TASK DIRECTIONS »
A word-for-word copy of the data is what's wanted, with no pictures.

RAW DATA »
________________________
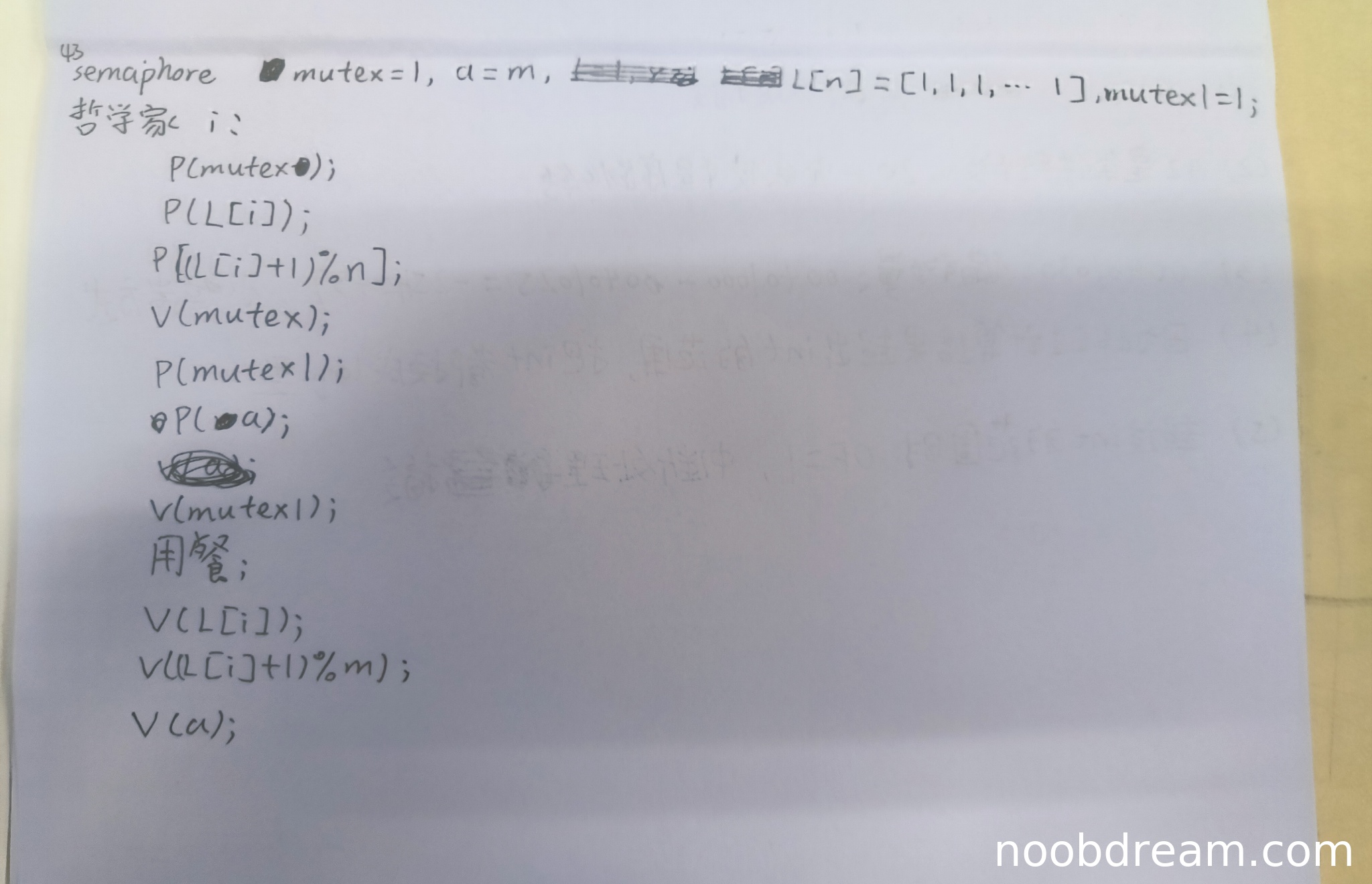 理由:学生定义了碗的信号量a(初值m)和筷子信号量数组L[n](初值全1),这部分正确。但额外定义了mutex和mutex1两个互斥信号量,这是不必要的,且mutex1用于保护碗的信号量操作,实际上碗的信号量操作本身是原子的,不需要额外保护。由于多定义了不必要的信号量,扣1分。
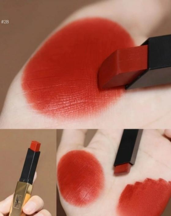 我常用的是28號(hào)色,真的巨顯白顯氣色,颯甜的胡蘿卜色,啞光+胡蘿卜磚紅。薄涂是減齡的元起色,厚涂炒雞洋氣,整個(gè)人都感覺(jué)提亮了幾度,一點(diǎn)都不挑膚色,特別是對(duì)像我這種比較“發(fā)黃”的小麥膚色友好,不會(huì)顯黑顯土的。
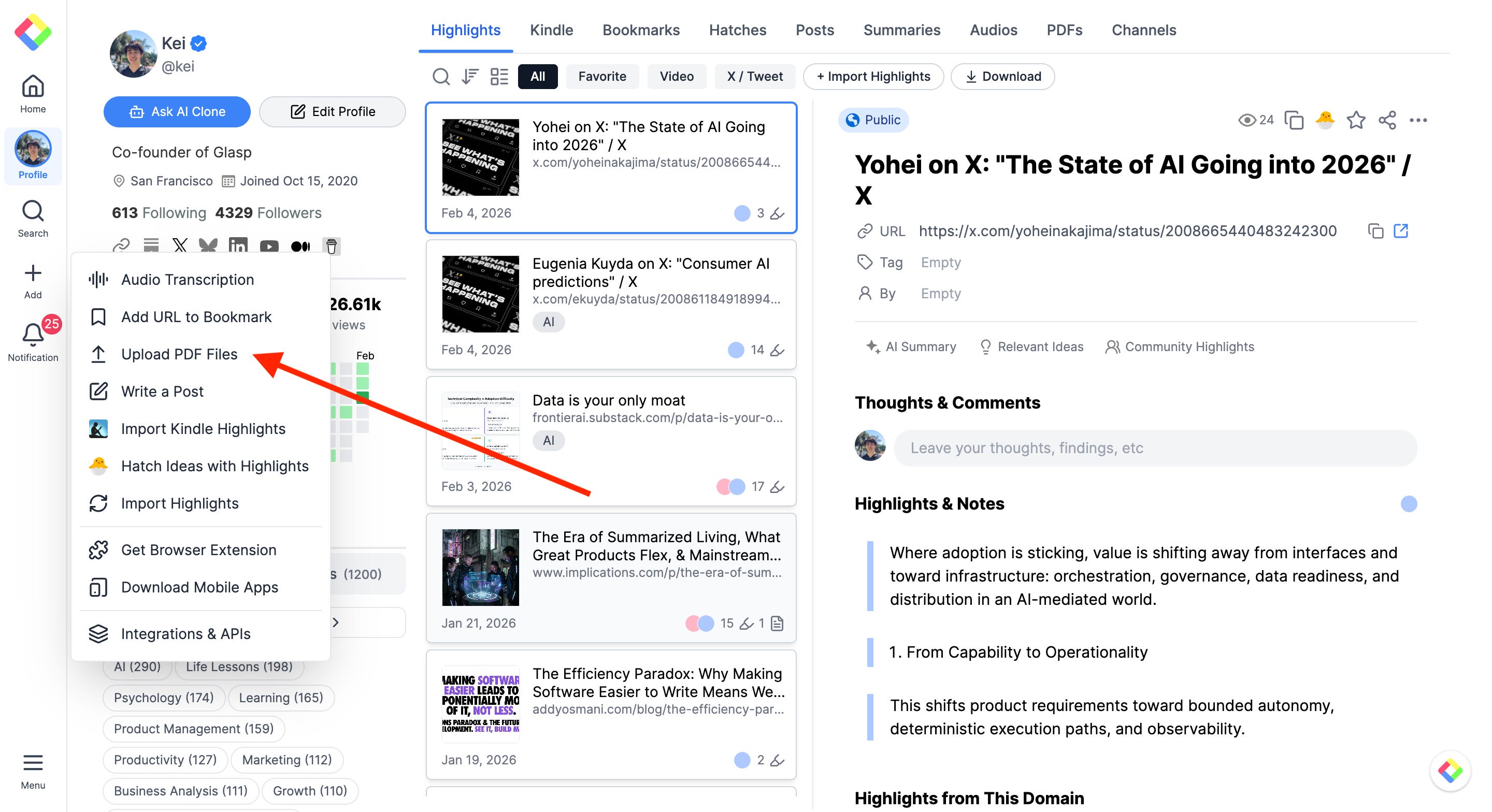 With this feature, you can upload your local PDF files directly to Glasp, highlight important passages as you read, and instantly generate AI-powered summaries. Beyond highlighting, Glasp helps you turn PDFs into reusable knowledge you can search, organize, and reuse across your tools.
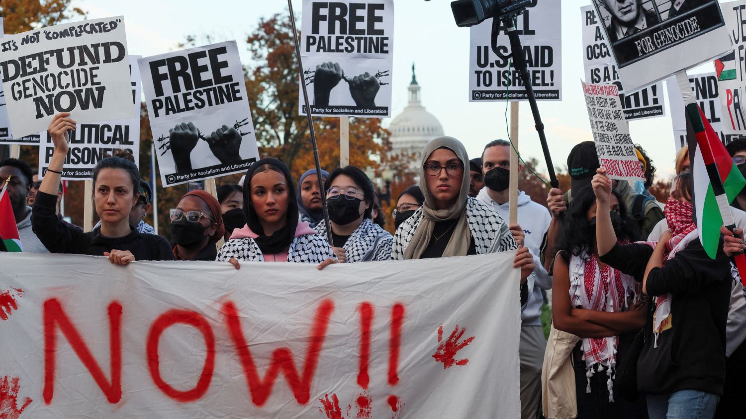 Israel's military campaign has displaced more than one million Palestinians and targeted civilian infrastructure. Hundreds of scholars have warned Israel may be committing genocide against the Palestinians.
________________________
EXERCISE SOLUTION »
 理由:学生定义了碗的信号量a(初值m)和筷子信号量数组L[n](初值全1),这部分正确。但额外定义了mutex和mutex1两个互斥信号量,这是不必要的,且mutex1用于保护碗的信号量操作,实际上碗的信号量操作本身是原子的,不需要额外保护。由于多定义了不必要的信号量,扣1分。
 我常用的是28號(hào)色,真的巨顯白顯氣色,颯甜的胡蘿卜色,啞光+胡蘿卜磚紅。薄涂是減齡的元起色,厚涂炒雞洋氣,整個(gè)人都感覺(jué)提亮了幾度,一點(diǎn)都不挑膚色,特別是對(duì)像我這種比較“發(fā)黃”的小麥膚色友好,不會(huì)顯黑顯土的。
 With this feature, you can upload your local PDF files directly to Glasp, highlight important passages as you read, and instantly generate AI-powered summaries. Beyond highlighting, Glasp helps you turn PDFs into reusable knowledge you can search, organize, and reuse across your tools.
 Israel's military campaign has displaced more than one million Palestinians and targeted civilian infrastructure. Hundreds of scholars have warned Israel may be committing genocide against the Palestinians.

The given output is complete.